The seizure of the drugs, along with a very large sum of cash, was significant as it appears to have revealed a smuggling route the group was using, via commercially owned trucks.

However, though the loss of drugs and money – and apparently a smuggling route – is a blow for the The Family, they have dealt with setbacks before. A leading member of the gang served a lengthy prison sentence in continental Europe when he was caught over a decade ago with suitcases full of cash that was being used in a multi-million euro drug deal.

Another of the group’s leaders was involved in drug deals valued at over €1 million two decades ago and has served time in an Irish prison. The precise details of these past crimes cannot be set out in detail here for legal reasons. One of the gang’s suspected leaders is currently before the courts on serious gang-related charges.

In 2016, when the Kinahan-Hutch feud erupted on the streets of Dublin, the Kinahans’ Dublin-based drugs group came under sustained pressure from the Garda and has since been effectively suppressed. However, The Family gang managed to profit from that situation, taking receipt of major drug deliveries from abroad and selling them to other Irish crime gangs.

Garda sources say they are not in the same league as the Kinahan cartel, though they are a large-scale domestic drug dealing enterprise with international links.
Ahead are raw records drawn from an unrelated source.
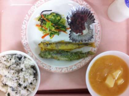今日のししゃもの2色揚げは、あおのりとカレーの衣をつけた2色です。また、わかめご飯にはじゃこも入り、小魚のカルシウムたっぷりの献立です。小豆白玉は、1人3個の白玉がのっています。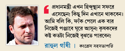 ট্রেনের সাধারণ কামরায় চেপে কাল পঞ্জাবে গিয়েছিলেন রাহুল। সেখানে বাজারে গিয়ে গমচাষিদের সঙ্গে কথা বলে আজ সকালে সটান সংসদে চলে আসেন। সেখানে কৃষকদের দুর্দশার প্রশ্নে মোদীর উদ্দেশে তীব্র কটাক্ষ ছুড়ে দিয়ে বলেন, ‘‘প্রধানমন্ত্রী এখন হিন্দুস্থান সফরে এসেছেন! কিছু দিন এখানে থাকবেন। আমি বলি কি, ফাঁক পেলে এক বার নিজেই পঞ্জাবে ঘুরেআসুন। কৃষকদের কষ্ট কতটা, নিজেই বুঝতে পারবেন!’’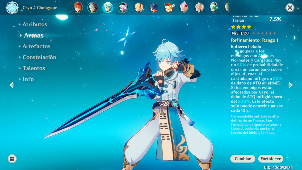 - Tercera actualización: Cuando el personaje obtiene un Fragmento Elemental Cryo producto de la Cristalización de Geo y Cryo, la Prob. CRIT aumenta en un 8%. Este efecto dura 20 s y se puede acumular hasta 5 veces.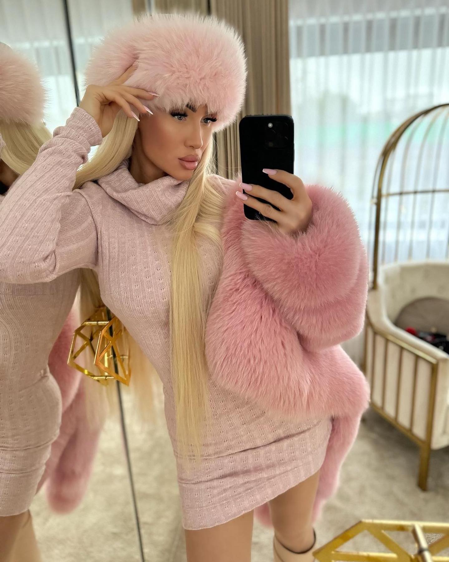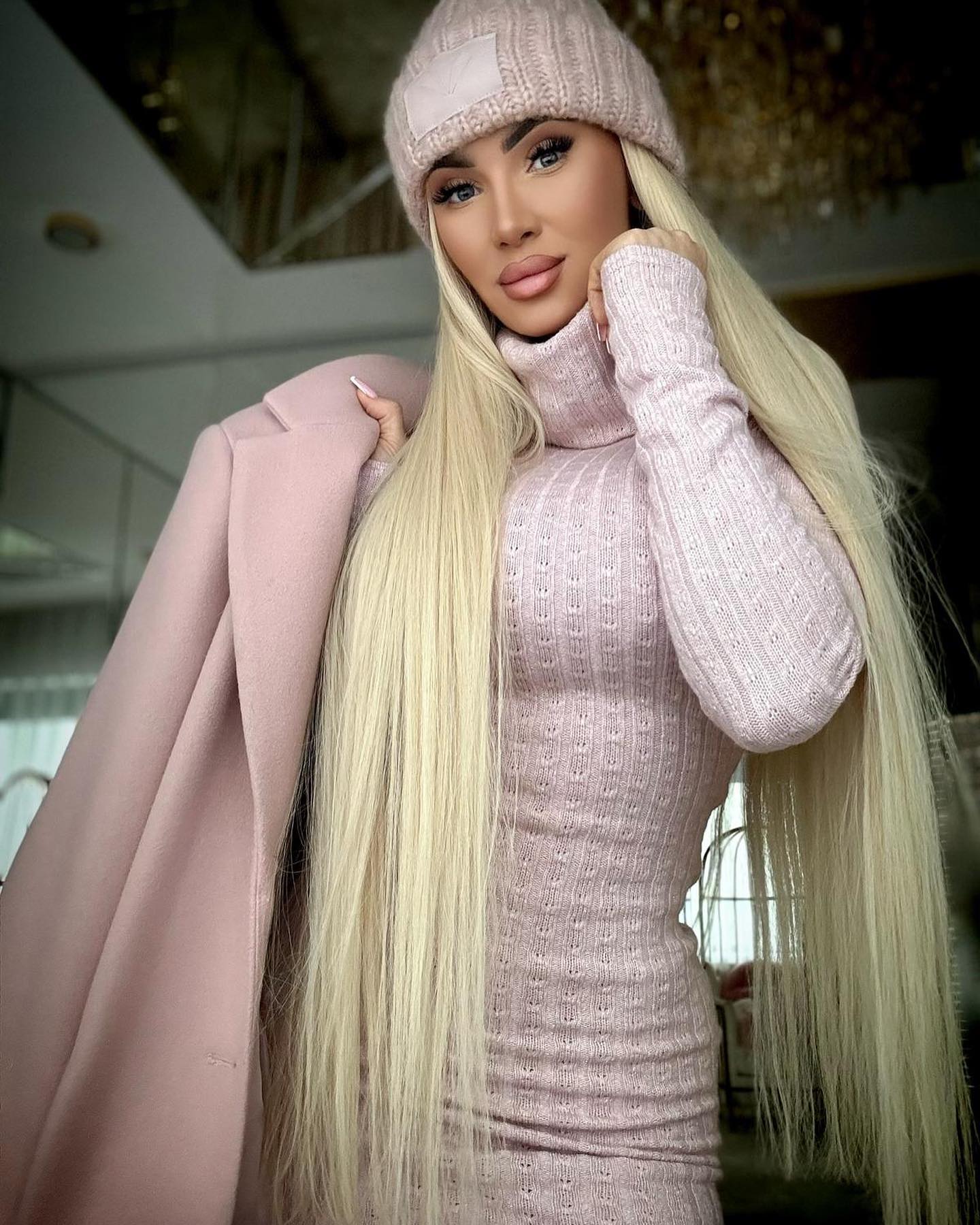 Sukienka o dopasowanym kroju wykonana z miłej w dotyku i bardzo elastycznej dzianiny przeplatany subtelną mieniącą się nicią w srebrnym kolorze, dając delikatny efekt. Model z podwójnym golfem z możliwość wywinięcia.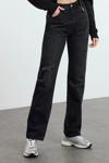 Stil Kadın Moda Denim Kot Pantolon Uzun Geniş Paça Antrasit Yırtıklı Yüksek Bel Uzun Jeans

Some of the biggest cash and drug seizures in the Republic during the pandemic years were linked to them.

And in a development that confirms their status close to the top of the tree in the domestic underworld, they are a major target for both the Garda National Drugs and Organised Crime Bureau and the Criminal Assets Bureau (Cab). Indeed, Cab has raided a luxury business controlled by the The Family gang, and being used as a front for money laundering, and has already seized some assets from them with further actions anticipated.